Wednesday 7 August 2024

Dead Can Dance "Spiritchaser" (1993)

 
After a stunning stretch of remarkable records, the Australian duo ventured on-wards one last time before parting ways. Fortunately they would reunite nineteen years later with the well polished Anastasis. Spiritchaser is the last album I'd yet to hear, a critically well received departure I find myself indifferent too. Remaining within the tapestry of Worldbeat aesthetics, they seem to take a new approach to song writing.

 Gone are the emotive swells, gallant melodies and esoteric leanings. Instead, a focus on plain, steady tones. Allowing for simplistic instrumental notation and brief percussive grooves to drone in repetition on top of foundations. Its subdued, simplistic and supposedly aims to find a meditative atmosphere in unclutter compositions.
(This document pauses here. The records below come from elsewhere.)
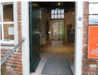
Windfang zwischen der Haupteingangstür und dem Kassenraum
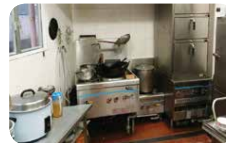
廚房設備清潔整齊，每日提供健康膳食予院友
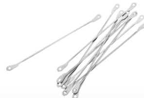
■ Couteaux à fromage
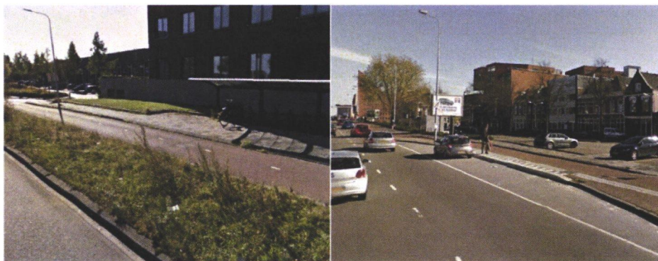
Figuur 2 Locatie Europaweg/Sontweg (links) en locatie Europaweg/Damsterdiep (rechts)

De locatie is momenteel in gebruik als bushalte, waarbij buslijn 171 nu twee keer per uur halteert. Hierover is contact geweest met het OV-bureau en Qbuzz. Zij geven aan dat het voornemen is om deze halte per december uit de dienstregeling te halen met als gevolg dat deze halte vrij is voor liftgebruik.
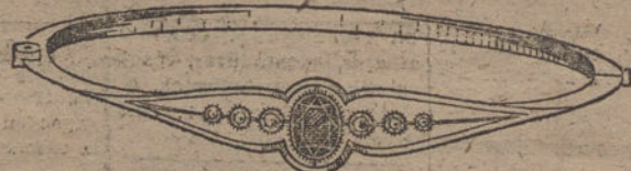
Núm. 4.—6 brillantes y zafiro. Pesetas 250.
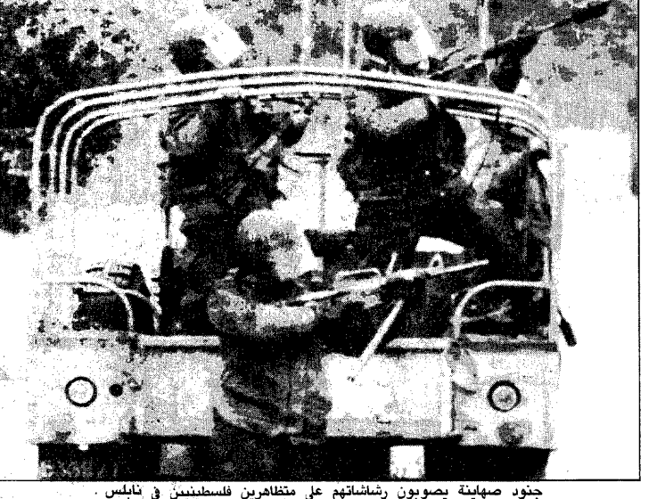
جنود صهيونية يصوبون رشاشاتهم على متظاهرين فلسطينيين في نابلس.

عبد اللطيف عبد الواحد - منصور عطية - عكاظ (استماع) - وكالات الأنباء (الأرض المحتلة) : انضمت هضبة الجولان السورية المحتلة اسم لانتفاضة الفلسطينية الشاملة ضد العدو الإسرائيلي واصيب ٣٠ شخصاً بجروح في بلدة مجدل شمس بعد ان اطلق جنود الإحتلال النار عليهم من مخيمهم المتخفيين. واصدرت منظمة التحرير الفلسطينية - القيادة الوطنية الموحدة للانتفاضة في المناطق المحتلة نداء حمل رقم - ٧ - تحت عنوان - لا صوت يعلو فوق صوت الانتفاضة - اكدت فيه اعتبار يوم غد الثلاثاء يوماً للأضراب الشامل وبمباراة للغضب الفلسطيني ضد الإحتلال. ودعا النداء الى الخروج في مظاهرات عارمة في الشوارع في كافة المخيمات والقرى والمدن في يوم القضاء على سكانها.
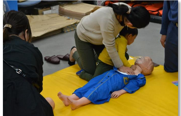
お母さんと一緒に胸骨圧迫！
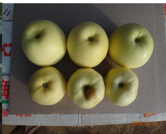
图 20-6 由缺硼导致的苹果缩果病（下层果）
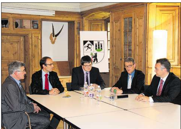
Ils capos e'ls chanzlists dals trais cumüns han suottascriut i'l Chastè Planta-Wildenberg a Zernez il contrat da fusiun.
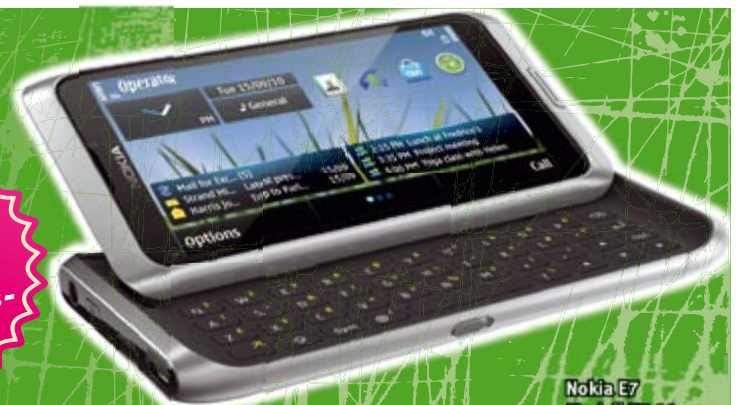
Nokia E7 Modell E7-00
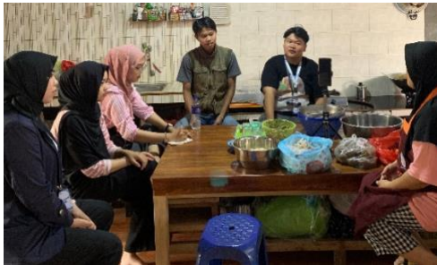
Kunjungan ke UMKM Dapur Oishi
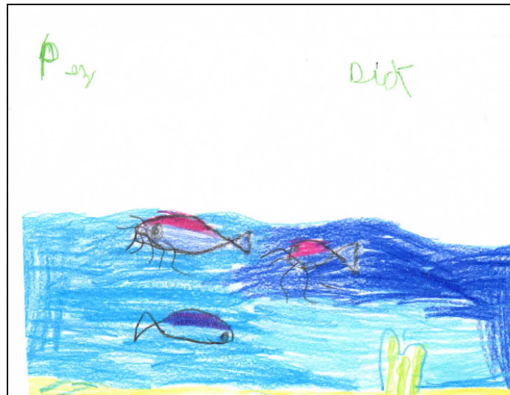
Figura 3. Representación gráfica de un alumno

Inmediatamente, se dio la actividad vinculada con el área de Arte y Cultura, representaron gráficamente los sucesos aleatorios vividos en el Parque Albergue Zoo Mundo de Arequipa usando las nociones suceso posible y suceso imposible (ver Figura 3).
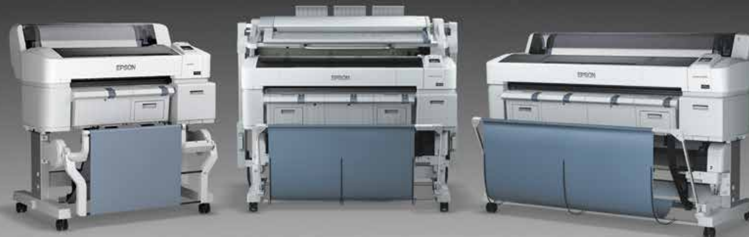
SureColor® T3270 Impressora com rolo simples de 61 cm (24")
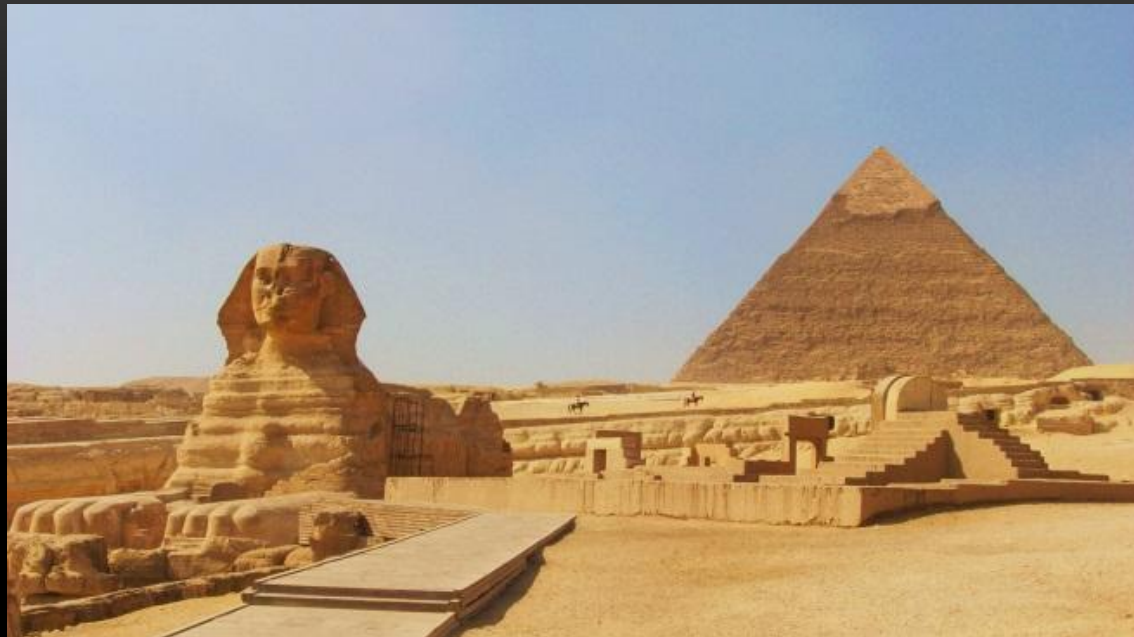
Пирамида сыну Хеопса, Хифрена

Египтяне очень заботились о сохранении тела умершего, в которое вновь могла бы вселиться его душа. Тело обматывали тонкими бинтами-изготавливали мумию. Её клали в гроб- саркофаг, на котором писали заклинания и изображения богов, гробница, где стоял саркофаг, считалась домом покойного. Для фараонов строились пирамиды или гробницы высеченные в камне. В неё укладывались личные вещи умершего и изобилие пищи.
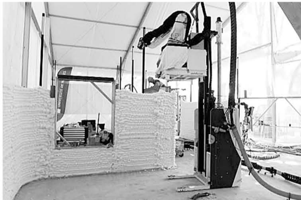
LA IMPRESORA entonces es utilizada para imprimir los bloques desde el suelo hasta arriba para formar las paredes.

También trabaja en un edificio comercial.
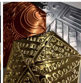
ワークショップ (ピカ☆ボコバッジ)
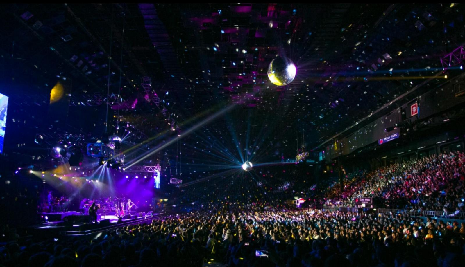
Show en Luna Park 2018

" Desde su debut en 2004, pasó de ser un desconocido cantor r ionegrino, a faro de una nueva generación de cantautores, productor prestigioso y compositor consagrado."
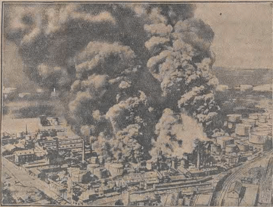
W mieście amerykańskiem Campana wybuchł pożar, który zniszczył niemal całe miasto. Straty wynoszą 3 i pół miliona dolarów.

So to do vocal performances feel restrained, intentionally softened. The cultural roots of fresh singing avenues possibly explain why. With dialectic inflections and native languages I'd not heard prior, the pair appear to aim for a less dramatized tone and certainly achieves that. In the apt setting, it becomes soothing background music.

I've been critical, Spiritchaser is simply a different beast, lingering in the shadows of a luminosity that came before it. The record does little to offend. Its sensibilities are calm, gentle and drift upon lazy tempos on lengthy durations. Highlights reside later on, with The Snake And The Moon offering a beautiful campfire at night vibe fit for tribal chant and dance. Perry leads the first half, Gerrad the second, shifting energies.

The following Song Of The Nile plays deeply cultural and subdued but houses the albums most animated passage as bells chime and some exotic sitar alike instrument offers up a brief but striking swell of musicality. However the rest of the record failed to make much of an impression on me. Maybe more time would strengthen bonds.